Por no mencionar la hipocresía política de abogar por la inmigración en los discursos, pero permitir que sea instrumentalizada como elemento de presión por terceros países.
El resultado de esta doble ceguera es un debate público que no solo simplifica, sino que también bloquea. Bloquea la posibilidad de reconocer que pueden coexistir principios legítimos –la defensa de la dignidad de las personas migrantes y la necesidad de gestionar ordenadamente los flujos– y bloquea la propuesta de políticas que respondan a esa complejidad.

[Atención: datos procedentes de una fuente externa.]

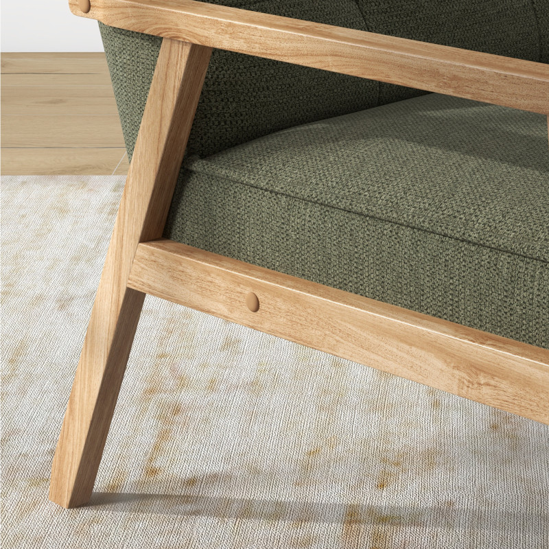 Son revêtement en tissu Sauge très actuel et son dossier surpiqué souligne son style chic et nature.

La parálisis de un debate que impide políticas eficaces y sostenidas
De ahí que la cuestión de fondo no sea tanto elegir entre posicionarse entre apertura o cierre, entre acogida o control, sino redefinir los términos mismos del debate. Un enfoque basado en datos exige asumir realidades incómodas: que la inmigración puede traer beneficios o constituir un deber de acogida, pero que genera tensiones cuando no se gestiona bien; que las políticas improvisadas tienen efectos acumulativos; que la integración no es automática ni gratuita; que la multiculturalidad no es un bien en sí mismo.
Esto implica también desplazar el foco desde las respuestas reactivas hacia las estrategias de medio y largo plazo: sistemas de acceso legal y ordenado, mecanismos eficaces de inserción laboral, políticas de vivienda que eviten la concentración excesiva, refuerzo de los servicios públicos en zonas de alta presión y una administración capaz de gestionar con agilidad procesos complejos. Nada de esto encaja bien en los marcos simplificados que dominan la conversación.
En este contexto, humanizar el debate no significa edulcorarlo, sino hacerlo más exigente. Significa admitir que proteger a los inmigrantes pasa también por evitar su explotación laboral, por no condenarlos a la irregularidad crónica y por no utilizarlos como argumento en batallas ideológicas. Significa, igualmente, reconocer que la cohesión social es un bien frágil que requiere atención constante y políticas deliberadas.
Quizá el verdadero desafío sea construir un espacio público donde estas afirmaciones no resulten contradictorias. Donde se pueda decir, al mismo tiempo, que la regularización puede ser necesaria y que no basta; que hay problemas de convivencia y que no definen a toda una población; que las fronteras existen y que su gestión no agota la política migratoria.
Solo desde ahí será posible salir del péndulo entre el buenismo y la deshumanización. Y solo así podrá empezar a tomar forma un modelo migratorio que no falle –como ocurre ahora– precisamente a quienes más dependen de su buen funcionamiento.